Возвращались домой поздно, уже звезды были на небе. Шли по темной улице, негромко толковали.
— Сталина, Иосифа Виссарионовича, я видал, — говорил Сорока, — Ворошилова видал. А вот Ленина не видал. Не привелось.
— Войну кончим, — сказал комиссар, — в Москву поедем. Повидаем.
— Войну кончим — у меня к Ленину дело будет, — сказал Луценко.
— Какое дело?
— А на свадьбу позову.
Сорока фыркнул:
— Дело важное!
Луценко обиделся.
— А что думаешь? — сказал он. — И верно, позову. «Так и так, скажу, Владимир Ильич. Пока надо было — воевал. Три года воевал. Теперь вот домой пришел. Жениться надумал. Так просим вас, если время позволяет, зайти посидеть». Думаешь, если время-то позволит, не зайдет?
— Пожалуй что, — сказал комиссар. — Если время позволит, пожалуй что зайдет.

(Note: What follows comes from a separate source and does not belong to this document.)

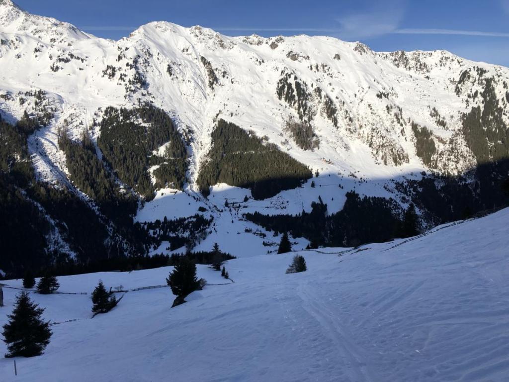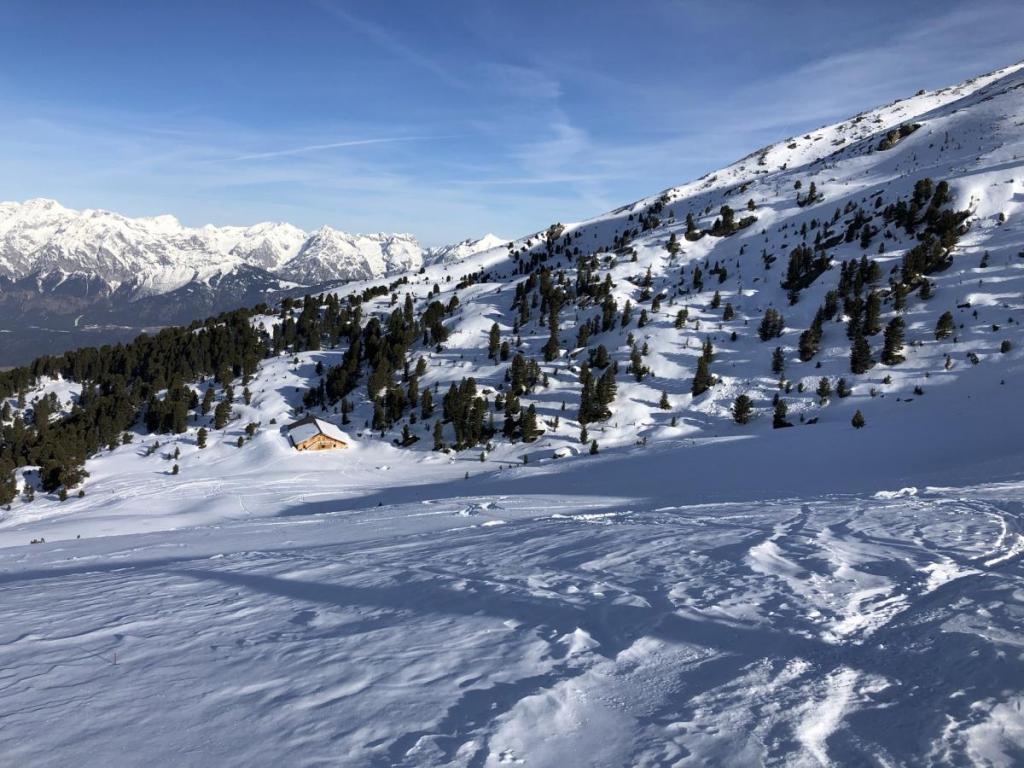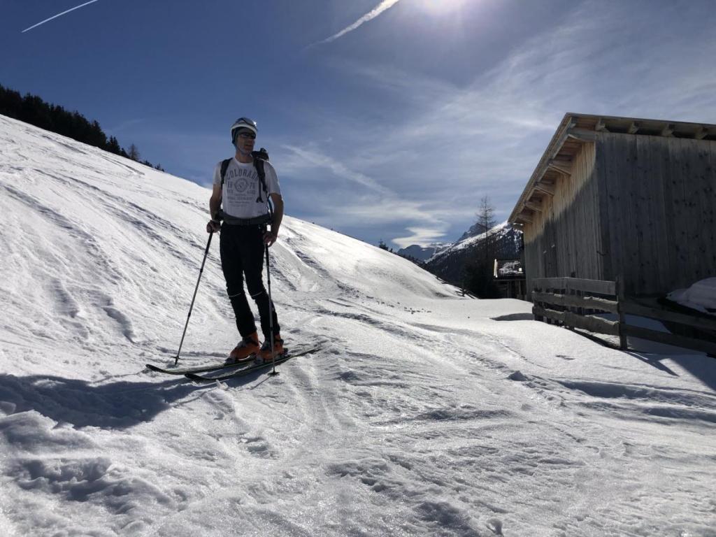 Im oberen Bereich ist die Abfahrt relativ lustig, je weiter wir ins Tal kommen, desto schwerer wird der Schnee und desto kraftraubender werden auch die Kurven. Dennoch macht die Abfahrt Spaß.

— Ну, вот! — сказал Луценко. — А он — го-го!
Снился Федьке сад. Большой фруктовый сад. И летний день. И солнце. И где-то шмель гудит. И не видать где. А на траве под яблоней сидит Ленин, Владимир Ильич Ленин. Сидит, глаза щурит, сам с собой разговаривает.
— Одолеет, — говорит. — И грамоту одолеет. И пулемет одолеет. Парень-то ведь золото.
«Никак, про меня?», думает Федька и понять не может: говорит-то будто Ленин, Владимир Ильич Ленин, а голос-то будто Сорокин, будто Васин голос. Что такое? Глядит и — впрямь: сидит под яблоней Сорока. И еще Мишка сидит. Сидят это они, яблоки едят. Разговаривают. А шмель-то все ближе, гудит-гудит.
— Наш, что ли? — говорит Мишка.
— Нет, — говорит Сорока. — Их.
— А хорошо идет.
— Гроб, — говорит Сорока. — Погоди, лет через десять ходить-то будут. Пуля.
А шмель-то уж совсем близко, не гудит — ревет. А где — не видать.
— А ну! — говорит Сорока. — Разверни-ка пулемет!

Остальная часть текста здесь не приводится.